Thursday, May 28, 2015

Nobel Winner’s Math Is Showing S&P 500 Unhinged From Reality.......

Nobel Winner's Math Is Showing S&P 500 Unhinged From Reality

If you sold every share of every company in the U.S. and used the money to buy up all the factories, machines and inventory, you'd have some cash left over. That, in a nutshell, is the math behind a bear case on equities that says prices have outrun reality.

The concept is embodied in a measure known as the Q ratio developed by James Tobin, a Nobel Prize-winning economist at Yale University who died in 2002. According to Tobin's Q, equities in the U.S. are valued about 10 percent above the cost of replacing their underlying assets -- higher than any time other than the Internet bubble and the 1929 peak.

Valuation tools are being dusted off around Wall Street as investors assess the staying power of the bull market that is now the second longest in 60 years. To Andrew Smithers, the 77-year-old former head of SG Warburg's investment arm, the Q ratio is an indicator whose time has come because it illuminates distortions caused by quantitative easing.

"QE is a very dangerous policy, in my view, because it has pushed asset prices up and high asset prices, we know from history, are very dangerous," Smithers, founder of Smithers & Co. in London, said in a phone interview. "It is very strongly indicated by reliable measures that we're looking at a stock market which is something like 80 percent over-priced.

"Everyone from Janet Yellen to Warren Buffett has spoken cautiously on stock valuations in the past month.
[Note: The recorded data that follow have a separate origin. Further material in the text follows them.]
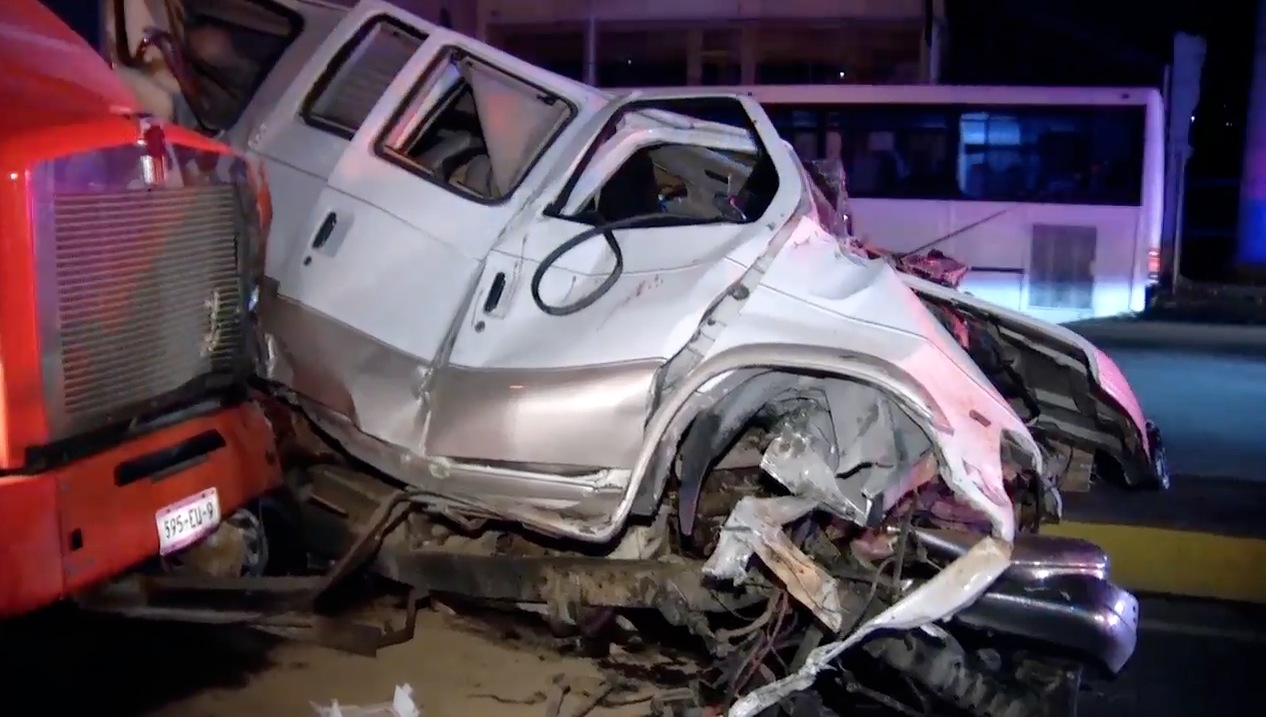 Una camioneta Van quedó destrozada tras ser impactada y arrastrada varios metros por un tráiler de doble remolque en la colonia Condesa al sur de la ciudad, resultando dos personas heridas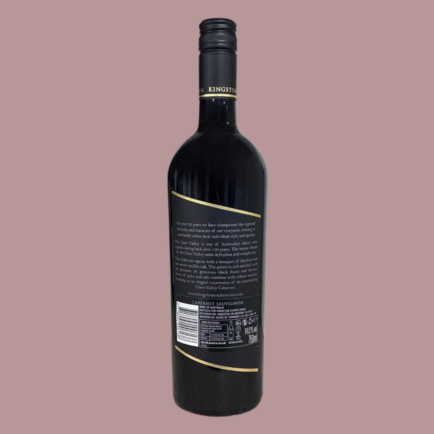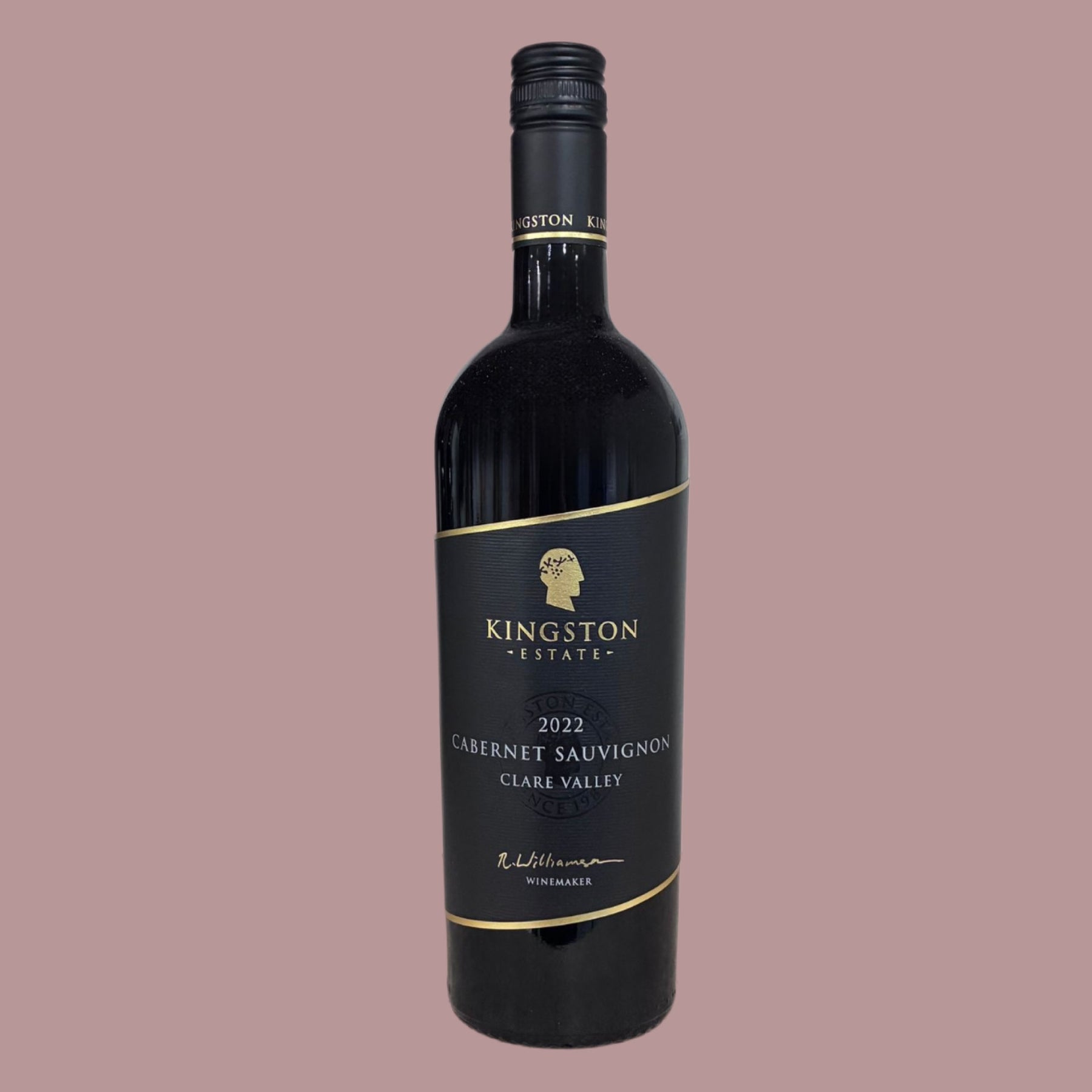 Kingston Estate Cabernet Sauvignon is deep purple with a ruby hue, showing aromas of blackcurrant, cassis, and subtle stewed plum with a touch of spicy oak. Full-bodied and elegant, the palate reveals dark fruit, hints of mint and capsicum, and a smooth oak finish.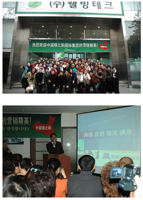 韓國“Wellbeingtech”公司從事直銷業(yè)已有三年時間,目前擁有四百多個產(chǎn)品,覆蓋了生活日用的各個方面,深受韓國人的喜愛。在這里,我們不僅感受到韓國同行業(yè)者對綠之韻的熱烈歡迎,而且,也看到韓國直銷行業(yè)一派和諧而充滿朝氣的忙碌景象。年輕化的銷售人員或是圍桌而坐認(rèn)真的溝通交流,或是齊聚一起坐在小會議室里聚精會神地聽著講師授課。一張張年輕的面容流露出求知若渴的神情,讓我們以為走進(jìn)了某所大學(xué)的教室。韓國人民對直銷事業(yè)的熱愛和認(rèn)可度可見一斑。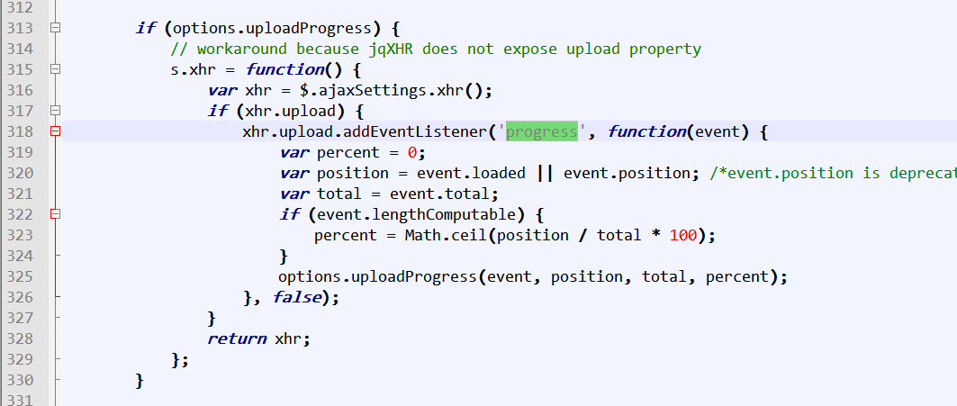 那么我也可以在$.ajax 方法中添加progress事件处理函数了。为了把对dom的操作从上传业务中抽取出来,我决定以插件的形式写。下面是插件的代码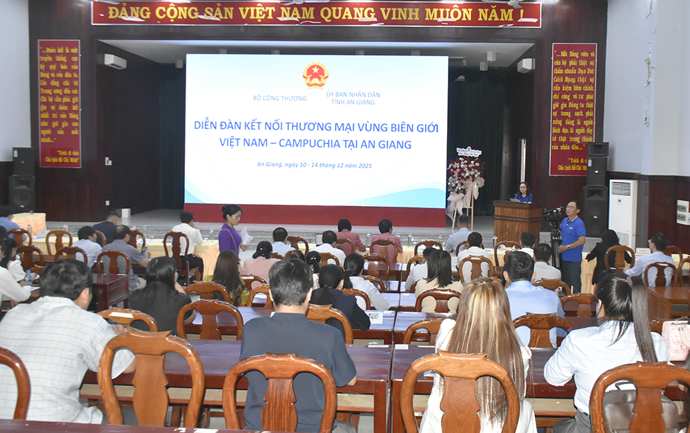 Diễn đàn kết nối thương mại vùng biên giới Việt Nam - Campuchia tại tỉnh An Giang diễn ra từ ngày 10 đến 14-12, do Bộ Công thương phối hợp UBND tỉnh An Giang tổ chức tại phường Tịnh Biên, nhằm tạo điều kiện thuận lợi cho các doanh nghiệp, cơ sở sản xuất kinh doanh, tổ hợp tác cũng như các doanh nghiệp tại Vương quốc Campuchia trong việc kết nối, tiêu thụ và cung ứng hàng hóa.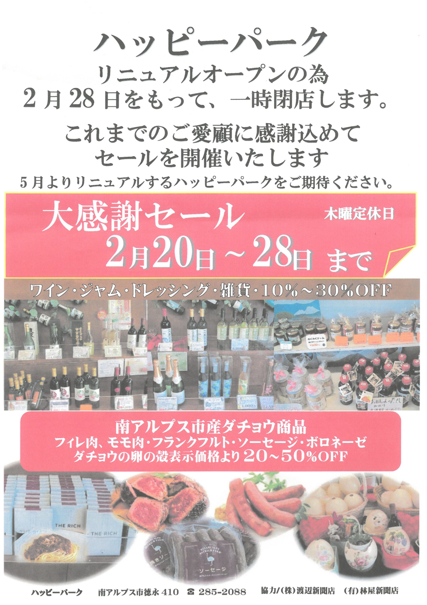 リニューアルオープンのため、2月28日(土)をもって一時閉店します。

Both the Fed chair and chief executive officer of Berkshire Hathaway Inc. said stock 
prices are elevated and at risk.

At 2,260 days, the bull market that began in March 2009 this month exceeded the 1974-1980 rally as the second longest since 1956. While measures such as price-to-earnings ratios are holding just above historical averages, the bull market's duration is sowing anxiety among professionals who watched the previous two end in catastrophe.

"We're still close enough to that prior experience and that hold-over effect is still there," Chris Bouffard, chief investment officer who oversees more than $10 billion at Mutual Fund Store in Overland Park, Kansas, said by phone. "When you start to see prior cycle peaks on the chart like Tobin Q and any other valuation metrics that people are putting up there, it looks dramatic, stark and scary."



James Tobin, a Nobel Prize-winning economist at Yale University.